What you should do: Given the material below, output exactly the lines from the line with "View looking downstream" to the line with "Frederick Khalil, 2011", both ends included, and no other lines.
►
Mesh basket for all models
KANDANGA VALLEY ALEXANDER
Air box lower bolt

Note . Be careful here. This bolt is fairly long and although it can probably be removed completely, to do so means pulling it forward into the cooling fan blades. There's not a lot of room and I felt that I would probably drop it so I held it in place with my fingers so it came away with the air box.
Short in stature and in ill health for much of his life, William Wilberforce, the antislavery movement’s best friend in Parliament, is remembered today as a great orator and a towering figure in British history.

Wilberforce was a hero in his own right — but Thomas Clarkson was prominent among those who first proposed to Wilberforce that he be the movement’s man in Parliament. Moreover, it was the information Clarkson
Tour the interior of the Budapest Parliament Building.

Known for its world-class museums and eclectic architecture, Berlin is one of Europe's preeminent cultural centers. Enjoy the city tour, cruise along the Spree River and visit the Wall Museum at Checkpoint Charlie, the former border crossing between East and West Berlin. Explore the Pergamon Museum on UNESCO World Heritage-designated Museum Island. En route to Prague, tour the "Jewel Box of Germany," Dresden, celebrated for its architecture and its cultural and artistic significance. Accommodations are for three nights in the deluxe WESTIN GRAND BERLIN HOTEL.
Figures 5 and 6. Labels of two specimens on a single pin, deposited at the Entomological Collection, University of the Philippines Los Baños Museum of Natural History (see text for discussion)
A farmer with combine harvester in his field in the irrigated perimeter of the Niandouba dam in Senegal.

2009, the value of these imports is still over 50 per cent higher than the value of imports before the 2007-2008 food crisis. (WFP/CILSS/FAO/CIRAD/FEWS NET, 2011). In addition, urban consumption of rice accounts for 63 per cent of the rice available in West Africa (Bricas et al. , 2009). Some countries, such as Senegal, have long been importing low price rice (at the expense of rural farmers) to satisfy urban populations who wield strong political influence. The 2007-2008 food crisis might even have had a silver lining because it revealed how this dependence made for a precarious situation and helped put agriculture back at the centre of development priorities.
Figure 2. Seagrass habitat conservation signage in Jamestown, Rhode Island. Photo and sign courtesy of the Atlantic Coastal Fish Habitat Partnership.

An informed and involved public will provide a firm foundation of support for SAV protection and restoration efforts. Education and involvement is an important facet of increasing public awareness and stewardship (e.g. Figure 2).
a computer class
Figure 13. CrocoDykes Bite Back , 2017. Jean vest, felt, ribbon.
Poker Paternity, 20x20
◄
►
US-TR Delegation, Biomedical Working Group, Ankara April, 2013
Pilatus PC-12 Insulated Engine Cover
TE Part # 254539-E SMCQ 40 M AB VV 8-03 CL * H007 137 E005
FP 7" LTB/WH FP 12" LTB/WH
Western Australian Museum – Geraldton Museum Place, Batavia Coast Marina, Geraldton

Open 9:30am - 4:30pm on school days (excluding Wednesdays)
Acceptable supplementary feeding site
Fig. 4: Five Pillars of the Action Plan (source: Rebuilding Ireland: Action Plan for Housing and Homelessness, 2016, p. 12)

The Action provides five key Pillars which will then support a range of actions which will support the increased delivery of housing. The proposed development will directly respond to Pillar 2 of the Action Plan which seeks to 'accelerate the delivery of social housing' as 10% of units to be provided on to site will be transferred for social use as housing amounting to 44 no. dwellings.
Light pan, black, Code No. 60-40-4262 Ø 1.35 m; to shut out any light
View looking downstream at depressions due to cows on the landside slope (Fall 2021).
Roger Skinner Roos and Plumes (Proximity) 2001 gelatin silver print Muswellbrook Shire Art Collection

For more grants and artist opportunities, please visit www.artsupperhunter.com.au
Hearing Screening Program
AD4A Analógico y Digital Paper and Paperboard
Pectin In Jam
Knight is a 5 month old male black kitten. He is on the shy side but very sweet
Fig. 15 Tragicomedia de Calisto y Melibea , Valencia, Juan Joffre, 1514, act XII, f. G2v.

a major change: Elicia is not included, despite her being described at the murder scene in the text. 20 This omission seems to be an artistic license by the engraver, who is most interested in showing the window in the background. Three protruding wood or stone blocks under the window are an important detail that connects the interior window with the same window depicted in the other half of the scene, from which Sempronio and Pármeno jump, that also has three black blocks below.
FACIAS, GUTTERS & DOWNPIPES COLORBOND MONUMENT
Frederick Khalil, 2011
◄
Exercise result:
View looking downstream at depressions due to cows on the landside slope (Fall 2021).
Roger Skinner Roos and Plumes (Proximity) 2001 gelatin silver print Muswellbrook Shire Art Collection

For more grants and artist opportunities, please visit www.artsupperhunter.com.au
Hearing Screening Program
AD4A Analógico y Digital Paper and Paperboard
Pectin In Jam
Knight is a 5 month old male black kitten. He is on the shy side but very sweet
Fig. 15 Tragicomedia de Calisto y Melibea , Valencia, Juan Joffre, 1514, act XII, f. G2v.

a major change: Elicia is not included, despite her being described at the murder scene in the text. 20 This omission seems to be an artistic license by the engraver, who is most interested in showing the window in the background. Three protruding wood or stone blocks under the window are an important detail that connects the interior window with the same window depicted in the other half of the scene, from which Sempronio and Pármeno jump, that also has three black blocks below.
FACIAS, GUTTERS & DOWNPIPES COLORBOND MONUMENT
Frederick Khalil, 2011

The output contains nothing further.